9. The data processing method of claim 1, wherein the classification model is a random forest model; wherein the method further comprises:

acquiring characteristic information of an object to be identified;

and processing the characteristic information of the object to be identified through the classification model to obtain an identification result of the object to be identified, wherein the identification result is a financial key opinion leader or a non-financial key opinion leader.

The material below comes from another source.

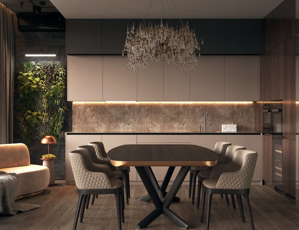 Этот цвет в сознании многих неразрывно связан с современным классическим стилем. Возможно, потому что он идеально подходит для реализации принципов организации пространства в неоклассике, основанных на использовании натуральных материалов (камень, дерево) или тех, что их имитируют. Бежевая кухня в стиле неоклассика предполагает, что кухонный гарнитур может быть полностью бежевым, а столешница быть в том же оттенке, но темнее. Предпочтительны варианты, имитирующие каменную поверхность. Они представлены в каталоге столешниц “Кедр” в широком ассортименте. Также в кухне современной классике бежевой столешница может быть и светлее, под мрамор. Это сделает интерьер более нежным по восприятию. Как оформить обеденную зону Хотите узнать всё о дизайне кухонь? Хитрости оформления интерьера, свежие тренды, подробные руководства, подсказки и множество идей для вдохновения вы найдёте на выбираем-кухню.рф. Узнайте, как собрать собственный идеальный гарнитур и не только! Как выбрать светильник Вполне

10. A data processing apparatus, comprising:

a characteristic information acquisition unit for acquiring characteristic information of an object;

a feature correlation obtaining unit configured to obtain correlation of features according to feature information of the object;

a clustering result obtaining unit, configured to perform clustering processing on the object according to the relevance of the feature to obtain a clustering result;

the sample type determining unit is used for taking the objects with less occupation in the clustering result as minority samples and taking the objects with more occupation in the clustering result as majority samples, the ratio of the number of the minority samples to the number of the majority samples is 1: N, and N is a positive integer which is larger than 1 and is the data imbalance multiplying factor;

a minority sample synthesis unit, configured to diffuse the minority sample based on the minority sample and the majority sample, and obtain a synthesized minority sample;

and the classification model training unit is used for training a classification model according to the minority class samples, the majority class samples and the synthesized minority class samples.

11. An electronic device, comprising:

one or more processors;

a storage device configured to store one or more programs that, when executed by the one or more processors, cause the one or more processors to implement the data processing method of any one of claims 1 to 9.

12. A computer-readable storage medium, in which a computer program is stored which, when being executed by a processor, carries out the data processing method of any one of claims 1 to 9.